> **Problem**: Please write out the full listing beneath this line exactly, skipping its images.
··· Given data ···
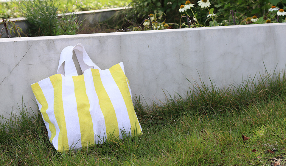 息子の保育所の通園かばんとして使っている綿麻しましまエコバッグ。
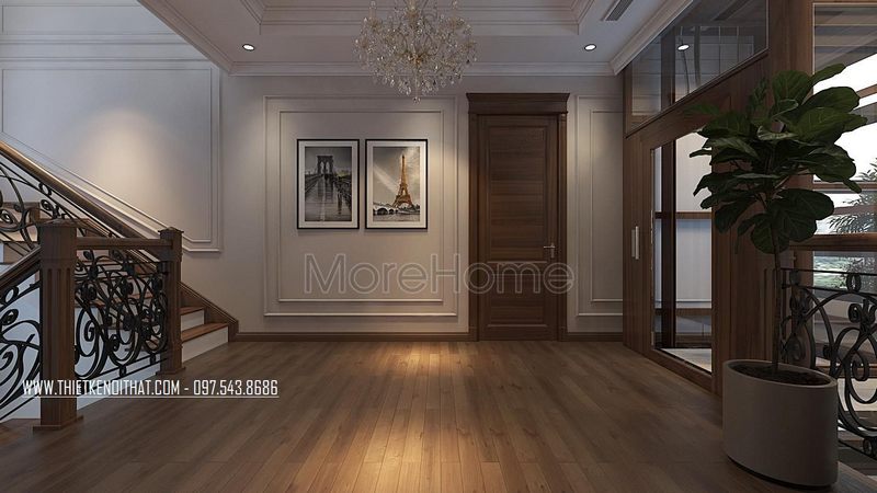 Đèn pha lê treo tường sang trọng tạo góc nhìn ấn tượng cho không gian hành lang đẹp.
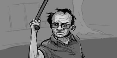 Glen finds a shovel and heads beneath the house. WIDE (STATIC/DOLLY) - Slow push in. * Important to match this with the pervious shot.
···
> **Exercise response**:
 息子の保育所の通園かばんとして使っている綿麻しましまエコバッグ。
 Đèn pha lê treo tường sang trọng tạo góc nhìn ấn tượng cho không gian hành lang đẹp.
 Glen finds a shovel and heads beneath the house. WIDE (STATIC/DOLLY) - Slow push in. * Important to match this with the pervious shot.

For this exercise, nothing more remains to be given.